- Born: Pamela Richenda Cubitt Montgomery-Cuninghame 10 March 1910 Ballyfair, Ireland
- Died: 30 April 1978 (aged 68) Colchester, Essex
- Occupation: nursery owner
- Known for: silver plant enthusiast
- Spouses: Thomas Abdy Combe; Desmond Fitzgerald Underwood;
- Parent(s): Sir Thomas Montgomery-Cuninghame, 10th Baronet Alice des Vœux

= Pamela Underwood =

British florist

Pamela Richenda Cubitt Underwood (née Montgomery-Cuninghame; 10 March 1910 – 30 April 1978), also known as Mrs Desmond Underwood, was a British florist and nursery woman. She was an early enthusiast for flower arranging and she wrote a book called Grey and Silver Plants.

==Personal life==
Underwood was born in the townland of Ballyfair in 1910 in County Kildare. Her parents were Alice Frances Denison des Voeux and Colonel Sir Thomas Montgomery-Cuninghame, 10th Baronet and she had one older brother. Her mother was a daughter of Sir William Des Vœux and a great-granddaughter of Sir Charles des Voeux, 1st Baronet. Her parents divorced in 1925 and the same year her father married Nancy Macaulay Foggo of British Columbia, they had two sons. Her mother married the civil servant Sir Aubrey Symonds in 1926.
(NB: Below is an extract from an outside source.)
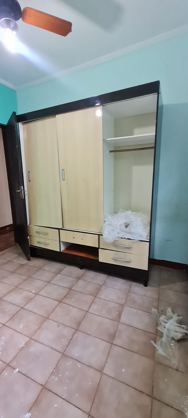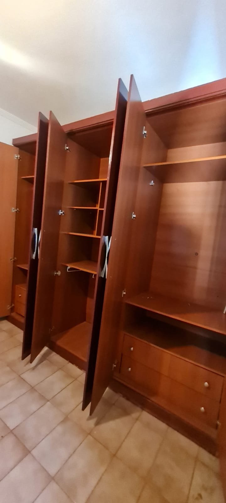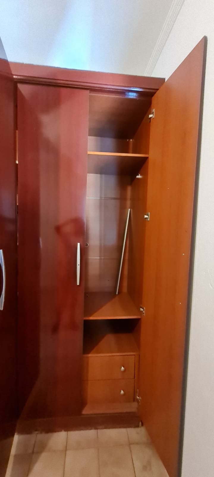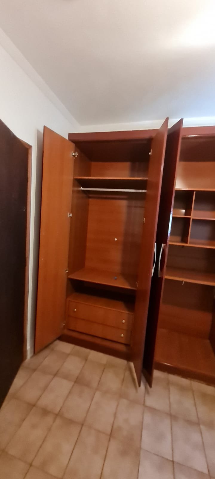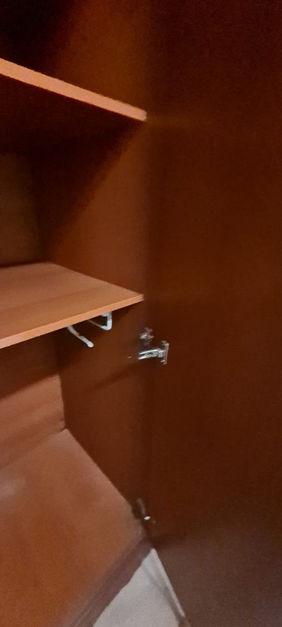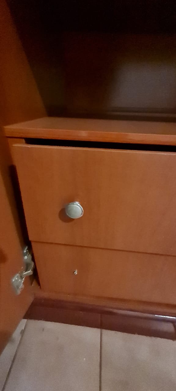 Quarto Suíte:- Parede do quarto com pintura bege, piso com manchas de sujeira, guarda roupas com 04 dobradiças quebradas, 02 gavetas emperradas, faltando 01 puxador na gaveta, base estufada.

She married Thomas Abdy Combe, an army officer, in 1932, they divorced in 1941. In 1942 she married Desmond FitzGerald Underwood (d.1968). After the death of her second husband she preferred to be known as "Mrs Desmond Underwood". She had a son and two daughters.

== Career ==
Underwood was trained at the Cheshunt research station and began as a plant grower in the 1930s. She was originally a market gardener, growing mostly tomatoes, but later gradually changed the business to specialise in pink and silver foliage plants. She opened Ramparts nursery for pink and silver plants, at Braiswick, near Colchester. She became internationally known as a specialist in pinks and silver plans and exported her plants around the world, with buyers as far away as the United States, Japan and New Zealand.

She served on Essex County council between 1955 and 1960.
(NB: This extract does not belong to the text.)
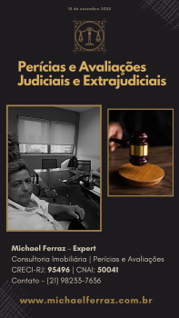 - Asseguramos conformidade legal e transparência em todos os processos, Michael Ferraz Consultor e Perito Avaliador de Bens e Imóveis CRECI-RJ 95496 | CNAI 50041 📱 (21) 98233-7636 | (21) 96940-0909 | (21) 98736-5092 ✉️ E-mail: ferrazimoveisrj@gmail.com 📸 Instagram: michaelferrazperito 📘 Facebook: ferrazexpert 🌐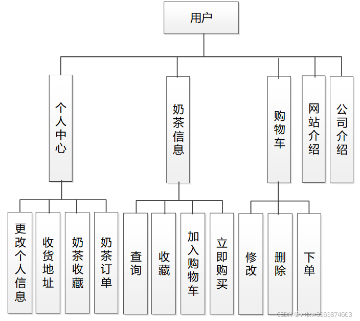 对用户具体功能的设计结果将以图4.2所示的用户功能结构图来进行体现。用户对于网上奶茶店系统操作的功能包括查看奶茶信息,购买奶茶,查看网站介绍和公司介绍,管理购物车,对奶茶订单进行查看等。

In the early 1950s she became interested in flower arranging. She was a founder member and chairman of Colchester Flower Club, the second flower arranging club in the country. She encouraged Beth Chatto, her neighbour and fellow founder member, to give demonstrations her flower arranging to other clubs, which founded her a new career.

Underwood was an exhibitor at the Chelsea Flower Show for many years. At first some described her foliage plants as "weeds" but eventually she gained recognition and was awarded several medals, including two gold medals. In 1977, her last year of exhibiting, she won a silver gilt floral medal and was also awarded the Royal Horticultural Society's Victoria Medal of Honour. In the same year she planted a silver foliage garden at Buckingham Palace, for which she also supplied the plants, as a gift from the RHS to celebrate the Queen's Silver Jubilee.

She retired from Ramparts in 1977 due to ill health, and the business was taken over by Jack Gingell of Chipping Ongar.

==Writing==
She wrote Grey and Silver Plants which was published in 1971 using the name of "Mrs Desmond Underwood".